» **SOURCE MATERIAL**:
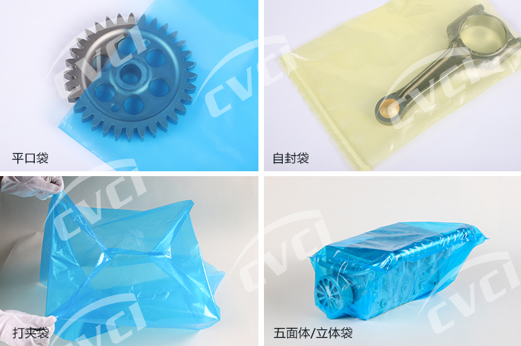 氣相防銹塑料薄膜以聚烯烴類樹(shù)脂為基材,加入揮發(fā)性緩蝕劑(VCI),經(jīng)過(guò)一些列工藝制成。氣相防銹膜在實(shí)際應(yīng)用中主要以袋狀或片狀形式呈現(xiàn)(詳見(jiàn)產(chǎn)品狀態(tài)),包裝保護(hù)客戶的產(chǎn)品,集防銹與包裝功能為一體。我們膜的厚度、顏色、尺寸及形式根據(jù)客戶實(shí)際需求進(jìn)行定制化、個(gè)性化生產(chǎn)。抗靜電氣相防銹膜具有良好抗靜電性,表面電阻率(108~1012)Ω。
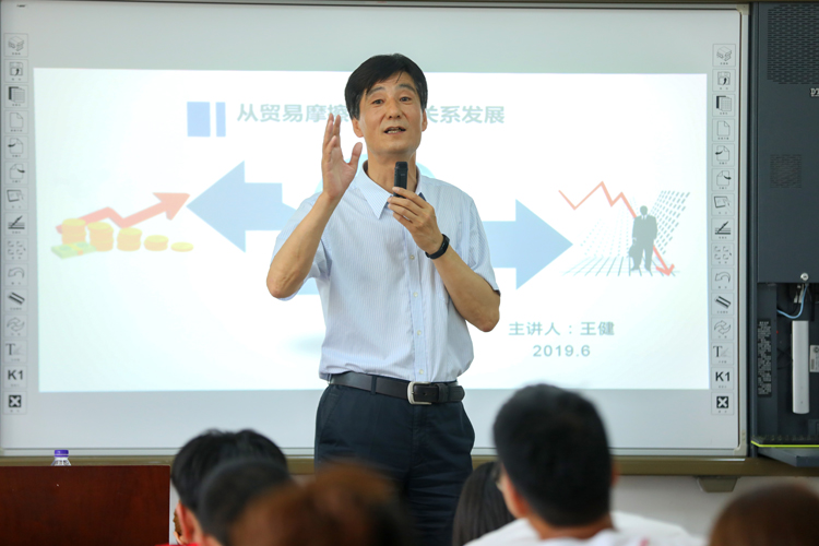 王健为同学们解读了当前美国因贸易保护主义、单边主义抬头,挑起与中国等多国的贸易摩擦。他讲到,随着经济全球化进程的不断推进,国际合作关系更为深入,全球经济越来越成为真正的休戚与共的“命运共同体”。虽然当前经济全球化的发展遭遇寒流、暗流、逆流,但改变不了主流。他强调,中国是经济全球化的坚定捍卫者,为全球经济的稳定和健康发展作出了重要贡献。这正是经济全球化的要义所在。
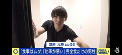 4: ななしさん@発達中 2024/04/22(月) 14:10:06.22 ID:jKZsZqoD0 30と言われても納得 【1食20秒】「食事の時間は無駄」、"完全食"だけで6年間暮らす男性ドリンクタイプの完全食とプロテインを混ぜたものを1日2回摂取。「準備、食べる、食べた後集中できなくて眠くなる、を3回も繰り返さなきゃいけないっていうのが非常に効率が悪いなって思って」と説明する。 pic.twitter.com/MsmJjAwmOJ— ライブドアニュース (@livedoornews) April 21, 2024 30→35歳でほとんど老けてないように見えるところからもヴィーガンよりも健康的なのかもしれませんね。 pic.twitter.com/kMUW7yqYDa— けい♂(moonspell_jp) (@moonspell_jp) April 21, 2024 COMP Powder TB Plain (v.7.0 4,000kcal 960g 1袋) 完全食 プロテイン プレーン たんぱく質 必須アミノ酸 必須脂肪酸 食物繊維 ビタミン ミネラル ポリフェノールAmazon.co.jpで詳細を見る Huel(ヒュエル)パウダー 1.62kg 完全栄養食 エンドウ豆プロテイン使用 低GI 食物繊維 国内正規品 Amazon.co.jpで詳細を見る…
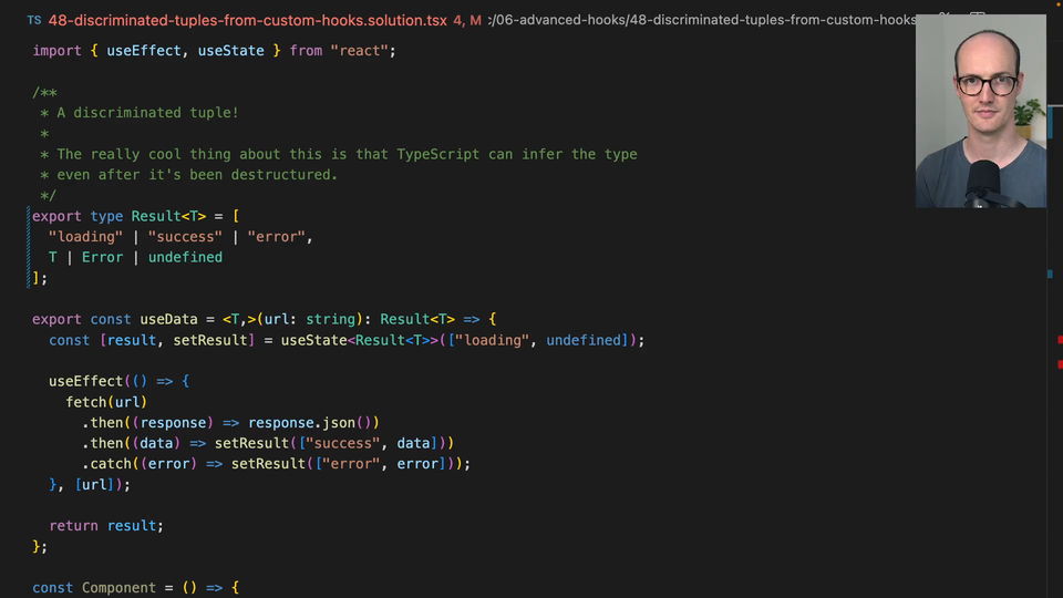 00:51 is it working? So, there's a few things to break down here. First of all, it's really smart that TypeScript understands that when you create this tuple, you get three different parts here, error, loading and success. I can't pass in an error, obviously, into success
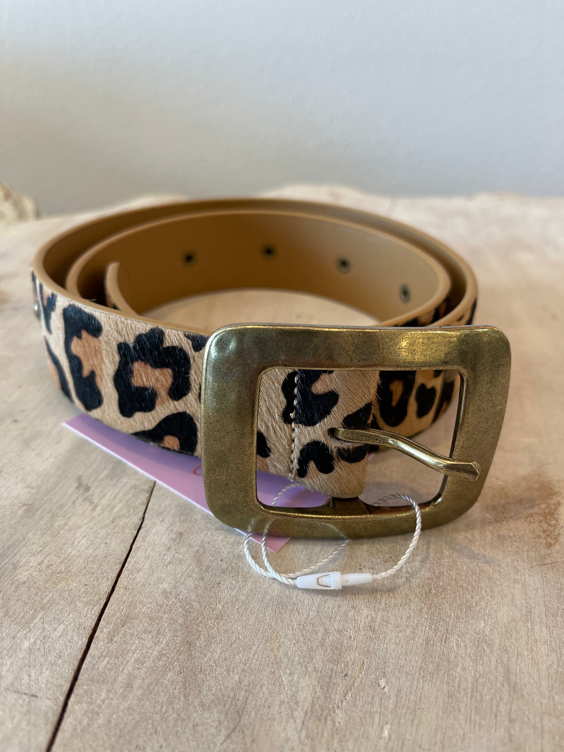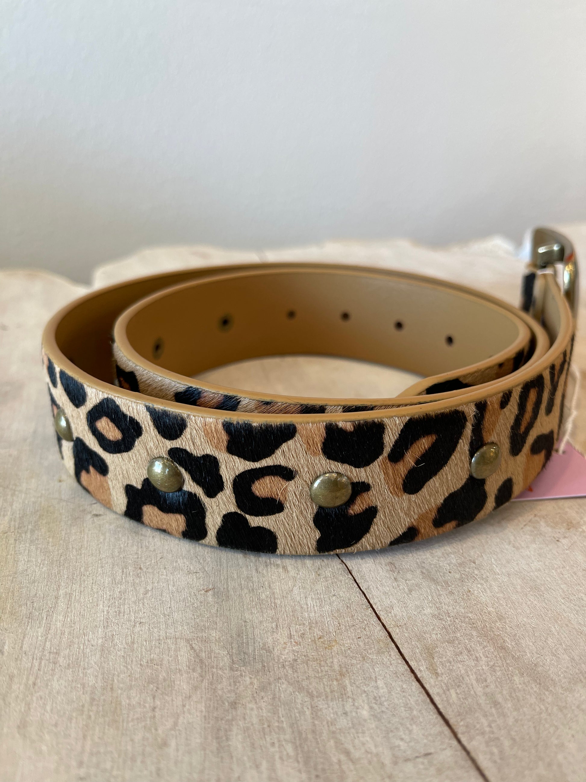 A timeless leopard print on hide and genuine leather. Aged brass grommet detailing. Gorgeous gold statement buckle. 1.38" wide.
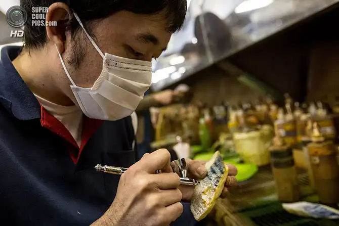 Крупнейшим производителем таких блюд является завод Iwasaki в Йокогаме. Ежегодно там производят 270 000 образцов для 20 000 ресторанов по всему миру. Мастерство местных рабочих впечатляет — даже просто глядя на фотографии ниже, невольно думаешь о холодильнике.
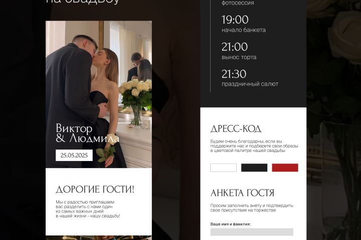 Сделать сайт визитку, для приглашения на свадьбу
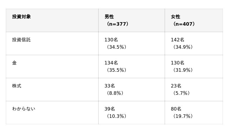 また、女性は「わからない」という回答が19.7%と、男性(10.3%)の約2倍に達している点が特徴的です。一方で、株式については男性(8.8%)が女性(5.7%)を上回る結果となりました。

» **PROBLEM REQUIREMENTS**:
With the pictures removed, return the full listing exactly as given.

» **RESPONSE BOX**:
 氣相防銹塑料薄膜以聚烯烴類樹(shù)脂為基材,加入揮發(fā)性緩蝕劑(VCI),經(jīng)過(guò)一些列工藝制成。氣相防銹膜在實(shí)際應(yīng)用中主要以袋狀或片狀形式呈現(xiàn)(詳見(jiàn)產(chǎn)品狀態(tài)),包裝保護(hù)客戶的產(chǎn)品,集防銹與包裝功能為一體。我們膜的厚度、顏色、尺寸及形式根據(jù)客戶實(shí)際需求進(jìn)行定制化、個(gè)性化生產(chǎn)。抗靜電氣相防銹膜具有良好抗靜電性,表面電阻率(108~1012)Ω。
 王健为同学们解读了当前美国因贸易保护主义、单边主义抬头,挑起与中国等多国的贸易摩擦。他讲到,随着经济全球化进程的不断推进,国际合作关系更为深入,全球经济越来越成为真正的休戚与共的“命运共同体”。虽然当前经济全球化的发展遭遇寒流、暗流、逆流,但改变不了主流。他强调,中国是经济全球化的坚定捍卫者,为全球经济的稳定和健康发展作出了重要贡献。这正是经济全球化的要义所在。
 4: ななしさん@発達中 2024/04/22(月) 14:10:06.22 ID:jKZsZqoD0 30と言われても納得 【1食20秒】「食事の時間は無駄」、"完全食"だけで6年間暮らす男性ドリンクタイプの完全食とプロテインを混ぜたものを1日2回摂取。「準備、食べる、食べた後集中できなくて眠くなる、を3回も繰り返さなきゃいけないっていうのが非常に効率が悪いなって思って」と説明する。 pic.twitter.com/MsmJjAwmOJ— ライブドアニュース (@livedoornews) April 21, 2024 30→35歳でほとんど老けてないように見えるところからもヴィーガンよりも健康的なのかもしれませんね。 pic.twitter.com/kMUW7yqYDa— けい♂(moonspell_jp) (@moonspell_jp) April 21, 2024 COMP Powder TB Plain (v.7.0 4,000kcal 960g 1袋) 完全食 プロテイン プレーン たんぱく質 必須アミノ酸 必須脂肪酸 食物繊維 ビタミン ミネラル ポリフェノールAmazon.co.jpで詳細を見る Huel(ヒュエル)パウダー 1.62kg 完全栄養食 エンドウ豆プロテイン使用 低GI 食物繊維 国内正規品 Amazon.co.jpで詳細を見る…
 00:51 is it working? So, there's a few things to break down here. First of all, it's really smart that TypeScript understands that when you create this tuple, you get three different parts here, error, loading and success. I can't pass in an error, obviously, into success
 A timeless leopard print on hide and genuine leather. Aged brass grommet detailing. Gorgeous gold statement buckle. 1.38" wide.
 Крупнейшим производителем таких блюд является завод Iwasaki в Йокогаме. Ежегодно там производят 270 000 образцов для 20 000 ресторанов по всему миру. Мастерство местных рабочих впечатляет — даже просто глядя на фотографии ниже, невольно думаешь о холодильнике.
 Сделать сайт визитку, для приглашения на свадьбу
 また、女性は「わからない」という回答が19.7%と、男性(10.3%)の約2倍に達している点が特徴的です。一方で、株式については男性(8.8%)が女性(5.7%)を上回る結果となりました。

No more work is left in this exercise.